The liquid suction device described. 5. A cleaning spitz for cleaning a pipette having a suction port on a side surface of a tip, the cleaning spitz having a through hole for penetrating the pipette, a cleaning liquid supply path communicating with the through hole for supplying a cleaning liquid, and a through hole. And a cleaning liquid discharge passage for discharging the cleaning liquid. The cleaning spitz has an axis of the suction port of the pipette and an axis of the inlet of the cleaning liquid discharge passage at an angle larger than 90 degrees when viewed from the axial direction of the pipette.

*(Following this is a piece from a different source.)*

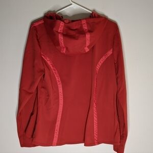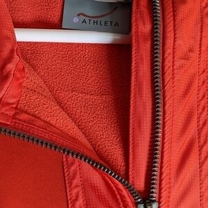 Athleta Verbier Womens Orange/Red Full Zip Hooded Fleece Lined Jacket With Thumbholes

A pipette cleaning device that is arranged in an eggplant. 6. A pipette having a suction port at its tip, a suction unit for sucking a first liquid through the pipette, a supply unit for supplying a second liquid to the pipette, and a suction unit and a supply unit are controlled. A liquid suction device that controls the supply unit to fill the suction port of the pipette with the second liquid before sucking the first liquid. 7. A cleaning spitz for cleaning a pipette is further provided, wherein a suction port of the pipette is provided on a tip side surface, and the cleaning spitz has a through hole for penetrating the pipette and a cleaning liquid supply which communicates with the through hole to supply a cleaning liquid. The cleaning spitz has a passage and a cleaning liquid discharge passage communicating with the through hole to discharge the cleaning liquid. The cleaning spitz has a suction port axis of the pipette and an inlet axis of the cleaning liquid discharge passage as viewed from the axial direction of the pipette. The liquid suction device according to claim 6, wherein the liquid suction device is arranged so as to form an angle larger than a degree.